LISTED RECORDS.
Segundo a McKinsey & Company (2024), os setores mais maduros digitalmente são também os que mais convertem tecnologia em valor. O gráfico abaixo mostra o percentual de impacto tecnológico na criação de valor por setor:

--

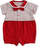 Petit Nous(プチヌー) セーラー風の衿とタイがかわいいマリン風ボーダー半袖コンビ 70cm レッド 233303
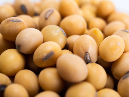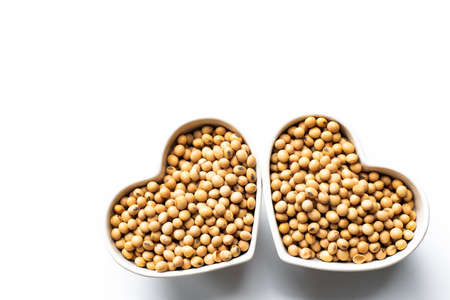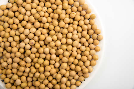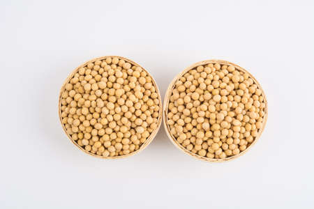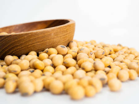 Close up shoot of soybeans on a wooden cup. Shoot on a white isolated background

* * *

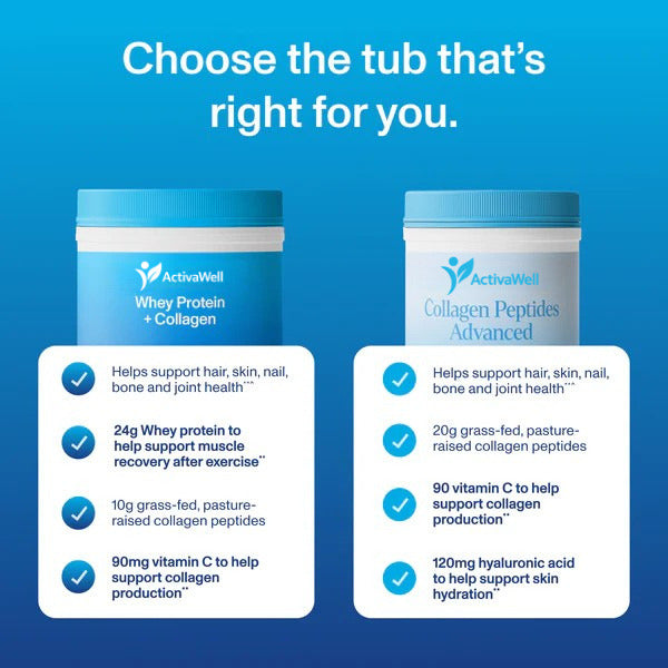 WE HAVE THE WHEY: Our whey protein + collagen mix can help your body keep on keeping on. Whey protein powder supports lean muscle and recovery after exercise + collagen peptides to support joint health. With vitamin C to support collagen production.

TASK DETAILS. Above are some records. Output exactly the lines from the one that contains "Petit Nous(プチヌー) セーラー風の衿とタイがかわいいマリン風ボーダー半袖コンビ" to the one that contains "Close up shoot", keeping both, and omit the pictures.

SOLUTION.
 Petit Nous(プチヌー) セーラー風の衿とタイがかわいいマリン風ボーダー半袖コンビ 70cm レッド 233303
 Close up shoot of soybeans on a wooden cup. Shoot on a white isolated background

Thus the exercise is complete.